Helen was silent a moment, thinking. She finished the braid and set aside the brush.

“Hold the pins,” she murmured, “while I do your crown.”

She placed the hairpins in Abigail’s hand and began wrapping the braid high across her daughter’s head.

“Thank you, darling.” She accepted a hairpin from Abigail and placed it carefully in the braid to anchor it. “I was wondering if anything else happened in the room where you hid with Puddles?”

Abigail held very still while she did her coiffure, but her eyes were lowered to the pins in her hand.

Helen’s heart missed a beat. Something seemed to be clogging her throat, and she had to clear it before going on. “Did Mr. Wiggins touch you at all?”

Abigail blinked and looked up, her eyes puzzled. “Touch me?”

Oh, God. Helen made her voice casual. “Did he put his hand on you, sweeting? Or… or try to kiss you?”

“Ewww!” Abigail’s face screwed into a mask of appalled disgust. “No, Mama! He didn’t want to kiss me—he wanted to beat me.”

“But why?”

“I don’t know.” Abigail looked away. “He said that he was going to, but then Sir Alistair came in and dragged him out.”

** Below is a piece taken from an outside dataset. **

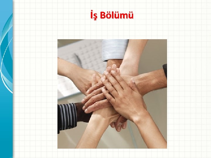 İŞ BÖLÜMÜNÜN YARARLARI 1. Verimi artırır 2. İşler daha kısa zamanda öğrenilir. 3. Personel dar bir alanda ustalaşacağından kendilerinden daha etkili bir şekilde yararlanılır. 4. Nitelikli (kaliteli) ürün, hizmet elde edilir. 5. Karmaşık amaçların başarılmasını daha kolaylaştırır.

The clog in her throat was abruptly gone. Helen swallowed and asked, to be completely sure, “Then he didn’t touch you at all?”

“No, I told you. Sir Alistair came in before Mr. Wiggins could come near me. I don’t think he would want to kiss me when he was so angry, anyway.”

Abigail looked at her as if she was rather dim.

And Helen had never been so glad in all her life to be thought stupid. She placed the last pin, turned Abigail around to face her, and hugged her, careful not to squeeze as tightly as she really wanted.